Ma Baensch is on the move – Milwaukee-based kosher herring company has moved buildings and more 

 

Pickled herring company Ma Baensch has two main missions: to provide the highest quality, best tasting herring in the world, and to accomplish this by sourcing the herring from sustainable fisheries off the coast of Norway.   

Founded in 1932, Ma Baensch reports that it’s still going strong. Ninety years later, the company has made only slight changes. The company is still female-owned, but as of 1999 by Kim Wall instead of Ma herself; the recipe remains true to its origins, but it now lists all of its ingredients with full transparency; Baensch is still Kosher certified, but now by the Orthodox Union; and the headquarters remain in Milwaukee County, yet the company packs the herring in Minneapolis.  

Of these changes, the full shift last year to packing in Minneapolis was crucial. “We’ve worked with a packaging partner so that together we can be a better processing facility; theirs is much more updated than mine,” Wall said. This new location is “totally dedicated to quality control, with a full-time staff.” 

Spokeswoman Susie Falk said that with the change in packing locations, “nothing will change from the consumer’s perspective.”   

As listed on Ma Baensch’s website, the product took off during the Great Depression when Lena Baensch’s personal herring recipe grew popular among her neighbors and friends.
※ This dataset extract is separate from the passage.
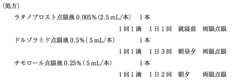 77歳女性。下記の眼科の処方箋を薬局で応需した。持参したお薬手帳には、他院で処方され現在服用中の内容が記載されていた。さらに患者にどんな病気で薬を服用しているのかインタビューをしたところ、処方医への問合せが必要になった。

Soon, she was selling it in local grocery stores. Herring is particularly common in cultures with roots in the Baltic Sea region, where herring catch was critical to the economic prosperity of town merchants.  
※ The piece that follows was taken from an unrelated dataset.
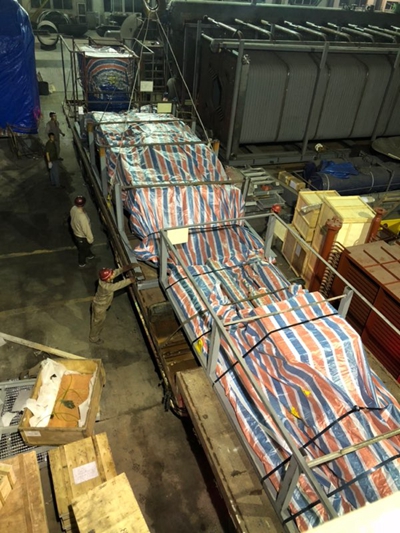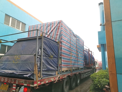 B 在車間狹長的通道上,安排裝車,蓋好防雨布:

Due to its silver scales, herring looks a lot like money, representing prosperity if eaten around the New Year. With large Scandinavian and German populations, the Milwaukee area continues this tradition for good luck, according to Ma Baensch. 

Although Jews were Baensch’s target audience in 1932, the product has reached everyone. “From all over the country, old and young, there are individuals who love herring,” Falk said. “A lot of them have been fans their entire lives. They are very adamant about which brand of herring they like. Ours has a different flavor than many of our competitors,” Wall added.  

Some fans are not only loyal, but their ancestry is too. “They talk about the tradition of eating Ma Baensch in their families, share memories… They’re not going anywhere,” Wall said.